● **Provided information**:

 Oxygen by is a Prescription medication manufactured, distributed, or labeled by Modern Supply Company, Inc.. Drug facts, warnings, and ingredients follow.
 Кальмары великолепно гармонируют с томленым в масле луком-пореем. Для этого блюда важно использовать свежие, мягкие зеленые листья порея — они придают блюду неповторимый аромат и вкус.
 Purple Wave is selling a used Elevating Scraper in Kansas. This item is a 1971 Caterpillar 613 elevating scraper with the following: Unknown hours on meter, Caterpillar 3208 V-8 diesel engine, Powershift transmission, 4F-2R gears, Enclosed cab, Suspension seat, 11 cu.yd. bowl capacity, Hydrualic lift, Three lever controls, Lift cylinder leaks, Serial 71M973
...
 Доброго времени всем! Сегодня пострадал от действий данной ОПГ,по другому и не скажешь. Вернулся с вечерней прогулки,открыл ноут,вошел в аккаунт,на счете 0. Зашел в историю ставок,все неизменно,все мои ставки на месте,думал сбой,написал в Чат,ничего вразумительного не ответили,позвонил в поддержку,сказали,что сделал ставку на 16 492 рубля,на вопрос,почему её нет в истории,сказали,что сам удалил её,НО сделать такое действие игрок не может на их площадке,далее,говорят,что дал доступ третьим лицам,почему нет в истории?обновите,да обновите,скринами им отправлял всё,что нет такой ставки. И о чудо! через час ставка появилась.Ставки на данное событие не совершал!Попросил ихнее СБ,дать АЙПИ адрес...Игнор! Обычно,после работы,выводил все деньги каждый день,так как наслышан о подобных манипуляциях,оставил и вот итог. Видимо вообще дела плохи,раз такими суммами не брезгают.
--
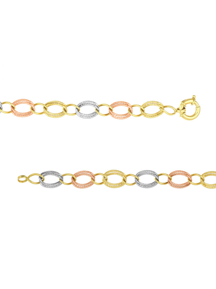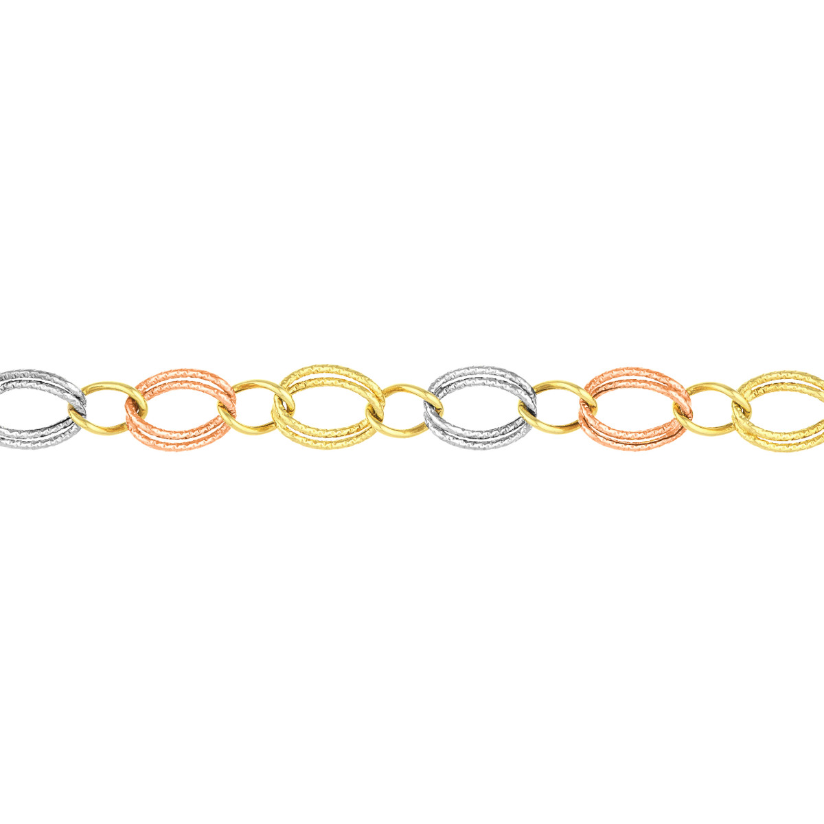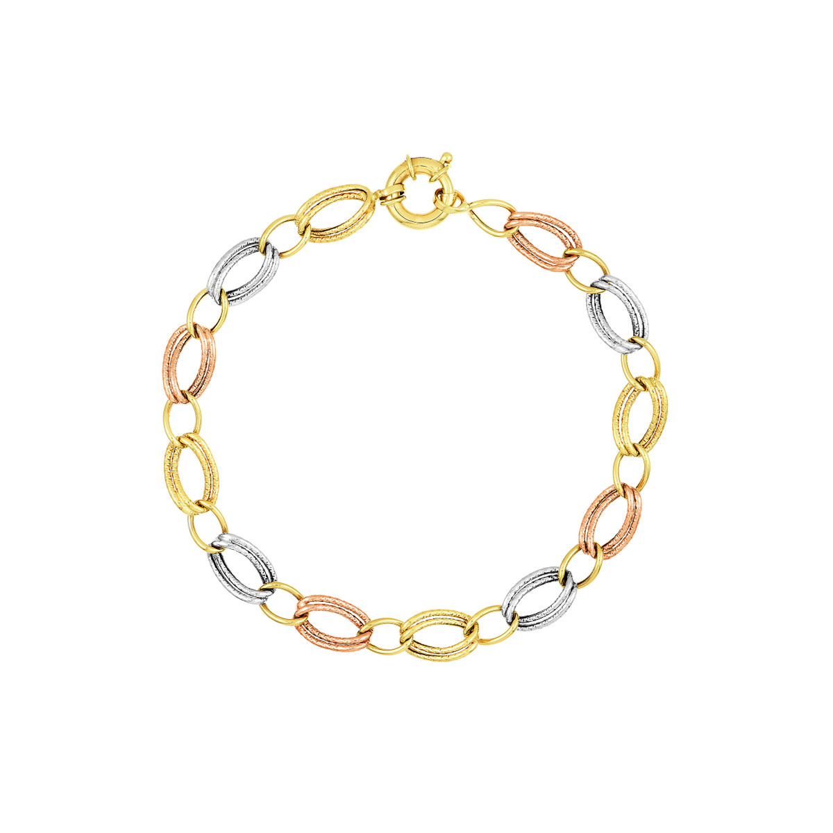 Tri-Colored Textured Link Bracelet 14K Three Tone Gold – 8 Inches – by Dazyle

● **Exercise aim**: From the entries above, print the lines beginning at the one with "Oxygen by is" and stopping after the one with "Purple Wave is", exactly as written and with nothing else.

● **Output for this task**:
 Oxygen by is a Prescription medication manufactured, distributed, or labeled by Modern Supply Company, Inc.. Drug facts, warnings, and ingredients follow.
 Кальмары великолепно гармонируют с томленым в масле луком-пореем. Для этого блюда важно использовать свежие, мягкие зеленые листья порея — они придают блюду неповторимый аромат и вкус.
 Purple Wave is selling a used Elevating Scraper in Kansas. This item is a 1971 Caterpillar 613 elevating scraper with the following: Unknown hours on meter, Caterpillar 3208 V-8 diesel engine, Powershift transmission, 4F-2R gears, Enclosed cab, Suspension seat, 11 cu.yd. bowl capacity, Hydrualic lift, Three lever controls, Lift cylinder leaks, Serial 71M973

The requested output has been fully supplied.